Records from a dataset
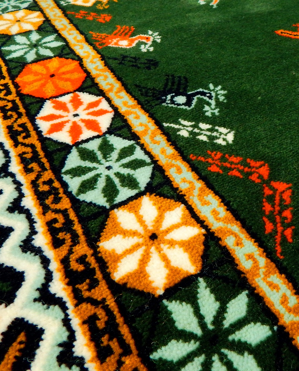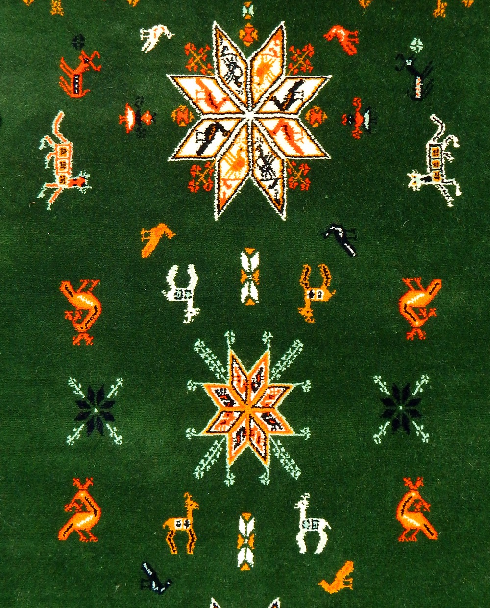 Los Mazatecos son una etnia cuyo nombre en idioma español significa venado el cual se representa repetidamente en las artesanías que elaboran, ejemplo de ello es este tapete de lana virgen anudado a mano en telar de pared y teñido con materiales minerales, fibras vegetales y animales. Cada tapete es único e irrepetible razón por la que se pueden encontrar pequeñas variaciones con las imágenes en cuanto a diseño y/o color.
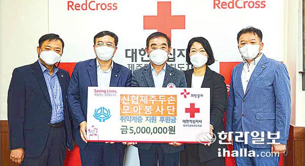 신용협동조합 두손모아봉사단(단장 여혜숙), 신협중앙회(제주본부장 허영진)는 지난 5일 대한적십자사제주특별자치도지사(회장 오홍식)에 취약계층 지원을 위한 성금 500만원을 전달했다.
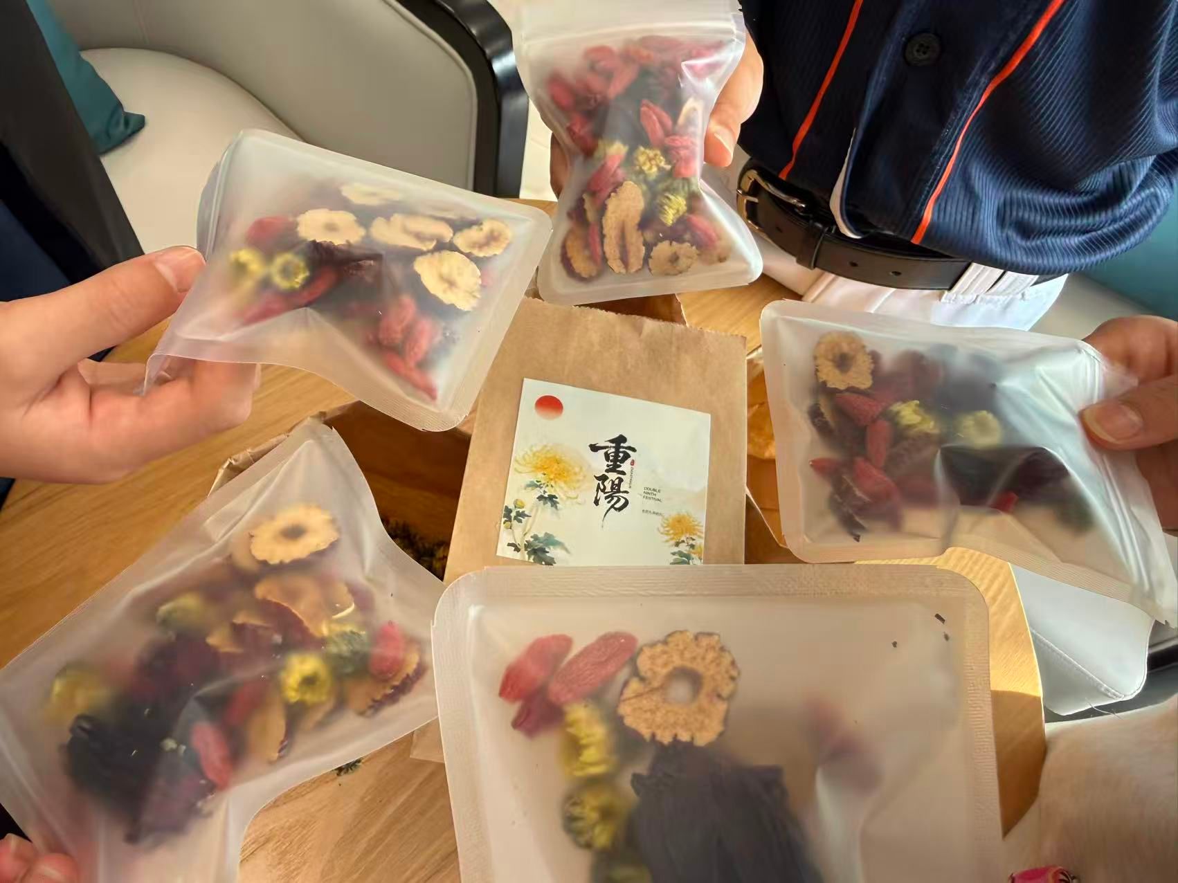 As the concluding part of the activity, students engaged in three meaningful tasks: “collage poem creation,” “writing thank-you cards,” and “making tea bags for elders.” They placed their handmade tea bags, creative collage poems, and heartfelt cards into kraft paper bags, presenting these sincere, youthful gifts to their elders during the golden autumn season.
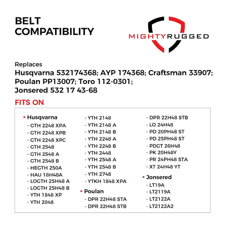 174368 Craftsman 48" Deck Belt — Fits GTH2248XP, GTH2548, YTH1848XP | Aramid Cord
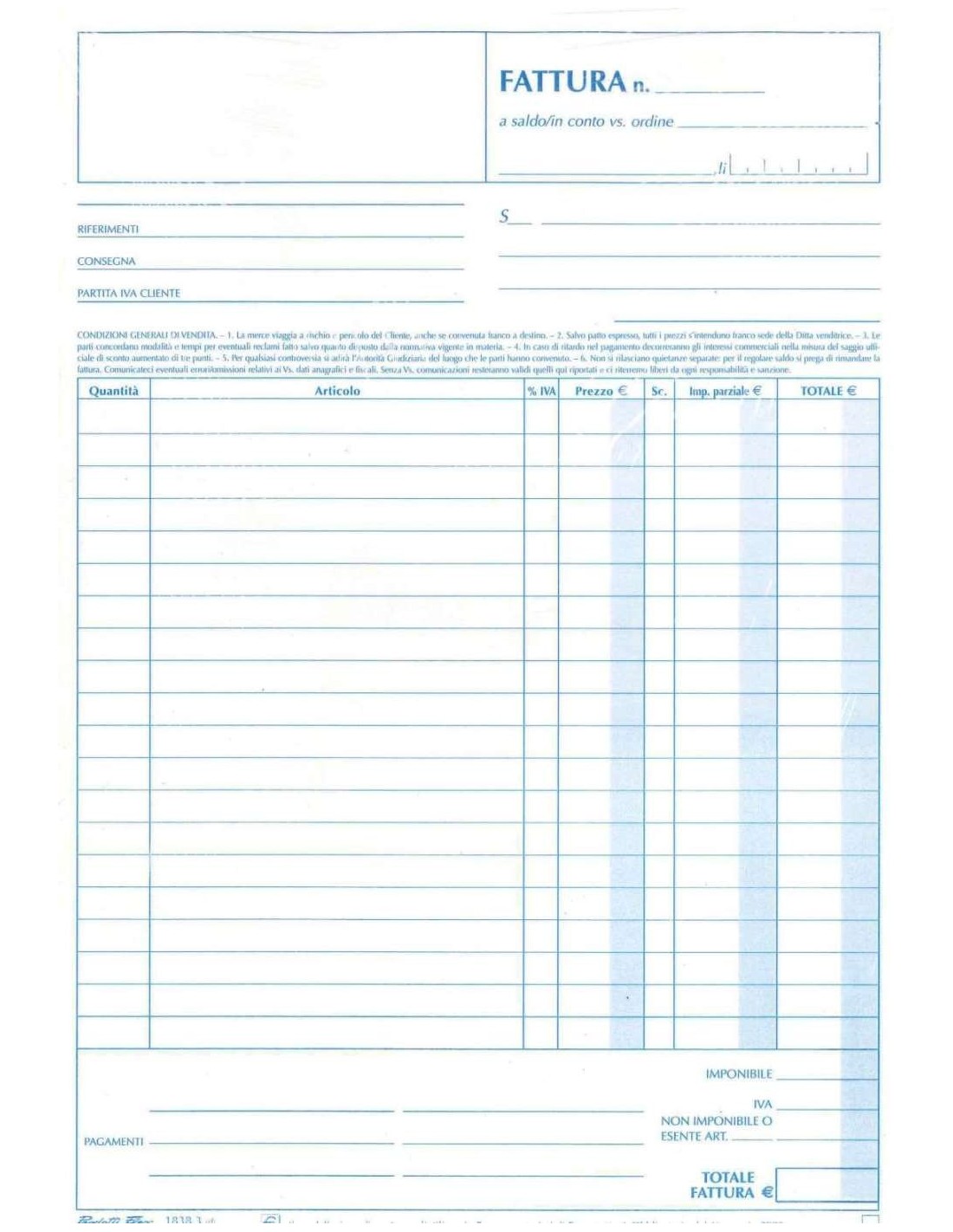 FATTURE 1 ALIQUOTA SNAP OUT N 50PZ TRIPLICE COPIA 3 COPIE AUTORICALCANTI
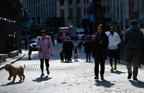 | Des passants devant le New York Stock Exchange (NYSE) à Manhattan (New York), le 16 novembre. |
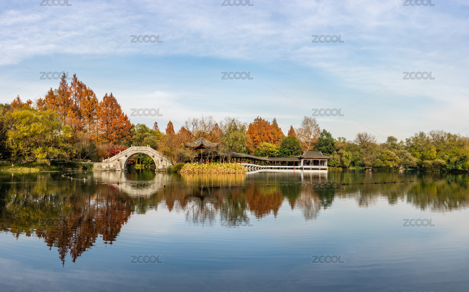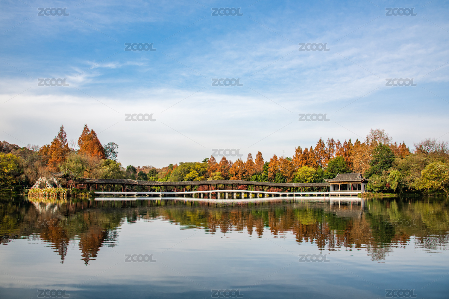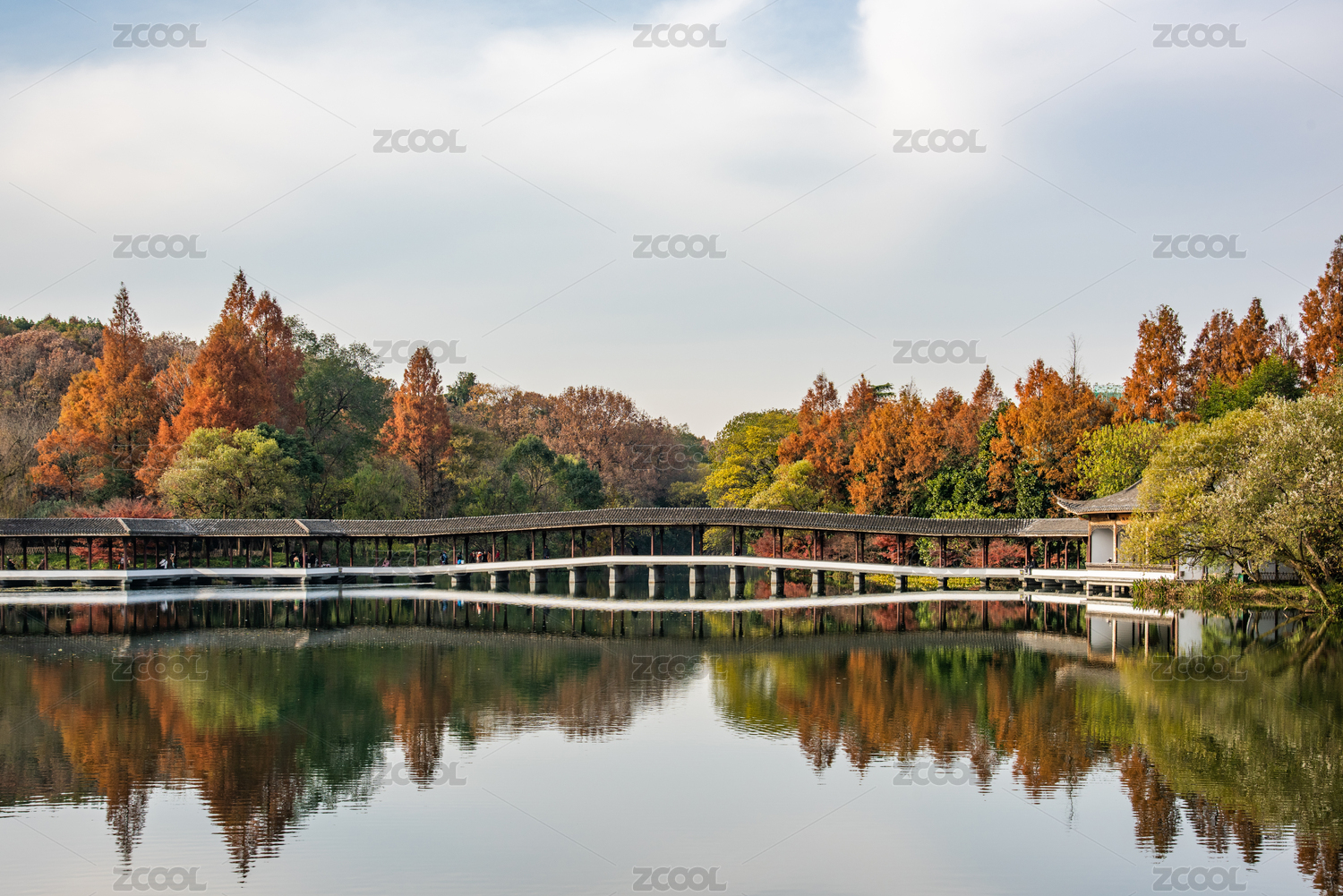 中国杭州西湖浴鹄湾霁虹桥秋色
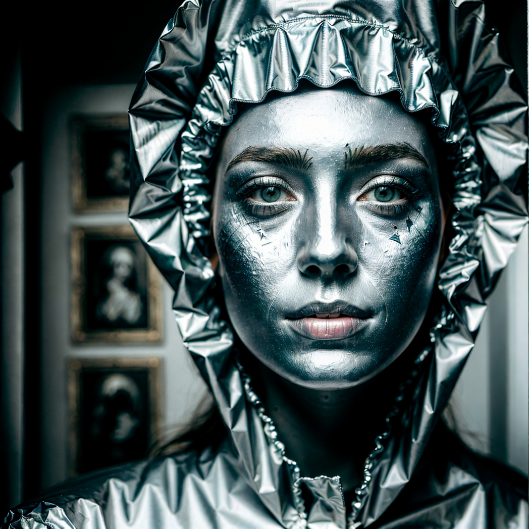 ((best quality)), ((masterpiece)), Portait of a woman wearing a conspiracy weird aluminium foil hat, lower part of the head outside the picture, realistic, canon d40

● **What you will do**
Only the lines from the top of the data through the line with "中国杭州西湖浴鹄湾霁虹桥秋色" should be quoted, exactly and with both ends kept; skip the pictures.

● **Problem solution**
 Los Mazatecos son una etnia cuyo nombre en idioma español significa venado el cual se representa repetidamente en las artesanías que elaboran, ejemplo de ello es este tapete de lana virgen anudado a mano en telar de pared y teñido con materiales minerales, fibras vegetales y animales. Cada tapete es único e irrepetible razón por la que se pueden encontrar pequeñas variaciones con las imágenes en cuanto a diseño y/o color.
 신용협동조합 두손모아봉사단(단장 여혜숙), 신협중앙회(제주본부장 허영진)는 지난 5일 대한적십자사제주특별자치도지사(회장 오홍식)에 취약계층 지원을 위한 성금 500만원을 전달했다.
 As the concluding part of the activity, students engaged in three meaningful tasks: “collage poem creation,” “writing thank-you cards,” and “making tea bags for elders.” They placed their handmade tea bags, creative collage poems, and heartfelt cards into kraft paper bags, presenting these sincere, youthful gifts to their elders during the golden autumn season.
 174368 Craftsman 48" Deck Belt — Fits GTH2248XP, GTH2548, YTH1848XP | Aramid Cord
 FATTURE 1 ALIQUOTA SNAP OUT N 50PZ TRIPLICE COPIA 3 COPIE AUTORICALCANTI
 | Des passants devant le New York Stock Exchange (NYSE) à Manhattan (New York), le 16 novembre. |
 中国杭州西湖浴鹄湾霁虹桥秋色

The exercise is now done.